JAk dla mnie film wciągający i warty obejrzenia. Bardzo spodobało mi się zakończenie. Ale jest jeszcze jedna sprawa a mianowicie dlaczego zombie boy jest na plakacie skoro w filmie był chyba przez 5 sekund?!
Odpowiedź jest bardzo prosta. Chodzi o marketing. Koleś to świetna reklama, pewnie też małym kosztem. Bo któż z nas zna japońskich aktorów? Masz Keanu + Zombie boy, w teorii może być fajnie. Nie widziałem filmu jeszcze, ale tak się właśnie zastanawiałem ile tego Zombie Boy'a będzie w filmie:)
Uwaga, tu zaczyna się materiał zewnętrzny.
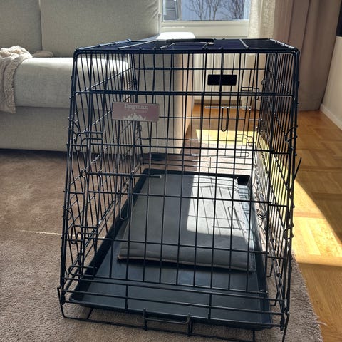 Hundbur i svart metall med gallerkonstruktion. Burens botten består av en löstagbar plastbricka som är enkel att ta ur för rengöring. Modellen är ihopfällbar för smidigare förvaring och transport. Passar för hund eller annat husdjur beroende på storlek och behov. Burens dörrar har metallås för att hålla dem stängda under användning.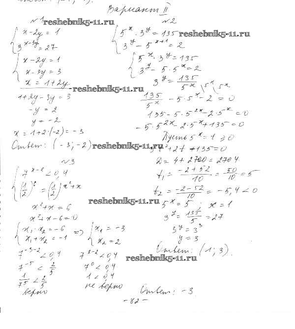 Готовая домашняя работа с ответами по Алгебре за 10 класс Шабунин, Ткачева, Федорова Дидактические материалы Базовый и углубленный уровень Просвещение 2017 ФГОС - §14. Системы показательных уравнений и неравенств вариант 2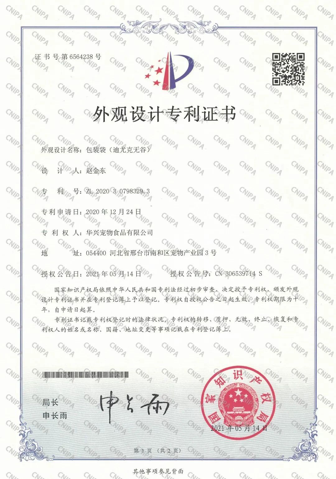 近日,國家知識產權局依照中華人民共和國專利法經過初步審查,授予迪尤克無谷包裝袋外觀設計專利證書,專利號:ZL 2020 3 0798329.3,并在專利登記薄予以登記。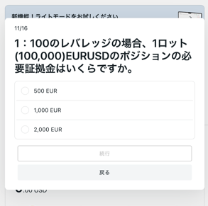 証拠金の知識を質問された場合、回答はロット額÷レバレッジになります。今回は100,000÷100で1,000EURを選択します。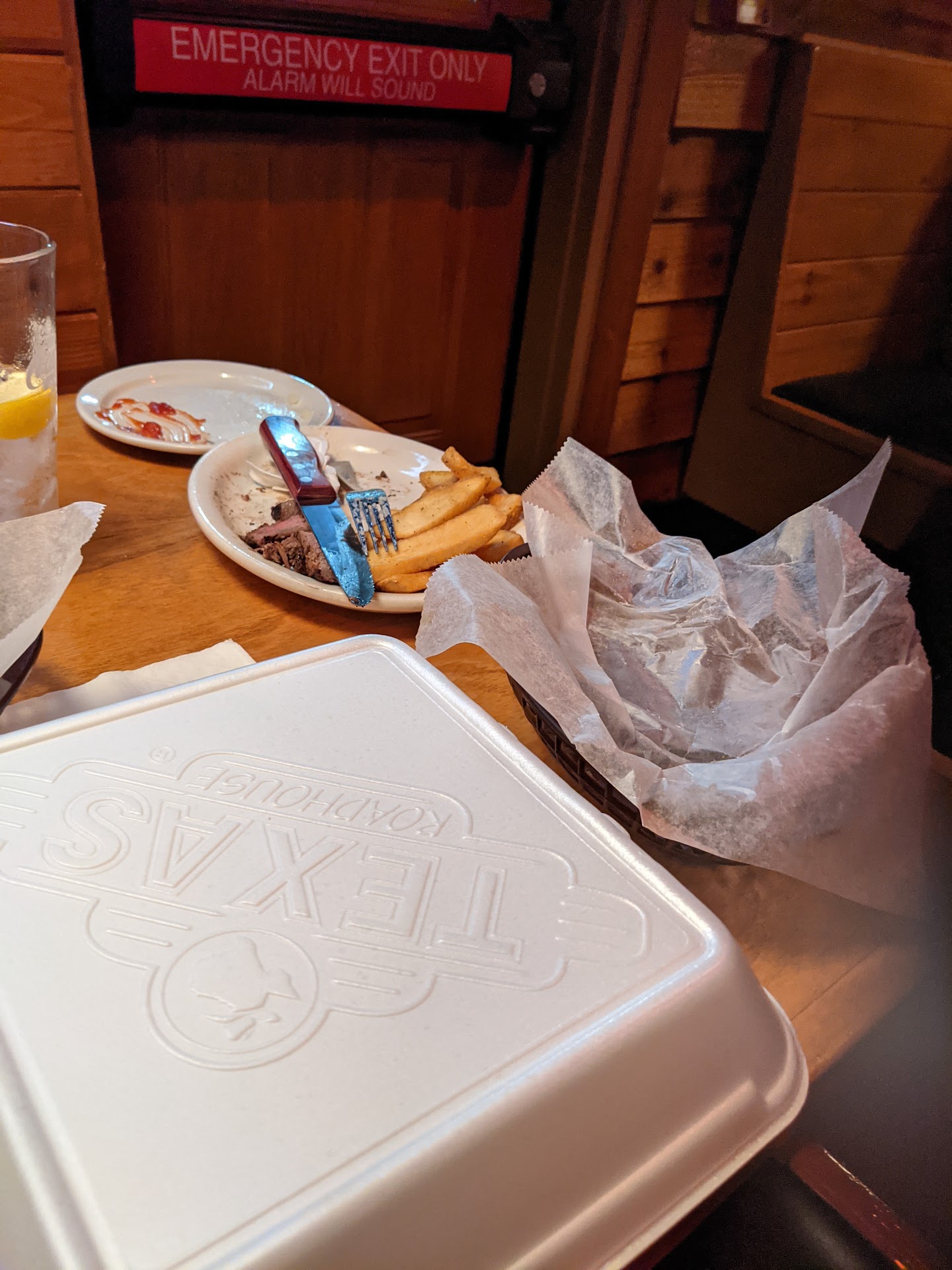This is a long review and I still am unable to express just how awful our experience was. My wife and I ate here September 19th. It was to celebrate my new job. Worst experience at a Texas Roadhouse ever. Our server's name was, I believe, Hailey, and she started out very well. However once we had ordered, something we settled for because she told us they did have Prime Rib cooked med-rare, but after 15min we were told they only had medium. We thought since it's Prime Rib it will be just as good. We thought wrong. It was awful. We never got a chance to tell Hailey we were unhappy with it because she basically ignored us once we were served. After 20min she walked by our table and saw that we still had quite a lot of food left on our plates. She asked if we needed boxes. We said yes. She ran and got us two boxes through them on the table, through our receipt on the table said. Here's your receipt. You can pay there or you can pay cash. She ran off again without asking why we had so much food left. I was so disappointed and my wife was just heartbroken that my celebration dinner turned out to be ruined. I don't blame Texas Roadhouse for the food. I blame Haley for the service. She saw that I was unhappy with my food because she kept looking at me from other points in the restaurant but she would never walk over and ask me what was wrong. I myself was a server for 30 plus years and I was just appalled by this level of service. It's saddens me to give Texas Roadhouse a bad review because this is one of my favorite places to eat. However, after the service that we received, we will never be back to this store. If we want prime rib or steak we will drive as far as we need to go to get good food before we will ever step foot in this Texas...

no troszke zaspoilreowałam że jest go niewiele, myślałam że może go gdzieś przeoczyłam :D spodziewałam się ambitniejszej roli
bo marketing, ja nigdy nie obejrzę tego przez wzgląd na tak tanie metody marketingowe, no i też przez tą malowaną małpę
Też mnie to właśnie zdziwiło. Chociaż licząc ujęcie jego pleców na ekranie był może ze 20 sekund. A na tej wielkiej kartonowej reklamie zajmuje miejsce obok głównych bohaterów. Myślałam, że będzie miał większą rolę, niż zadanie jednego pytania, bez którego właściwie mogłoby się obejść. Swoje zadanie wypełnił - ludzie go zobaczyli, może ktoś tam poszedł na film właśnie przez wzgląd na niego. Jeżeli tak, to współczuję rozczarowania.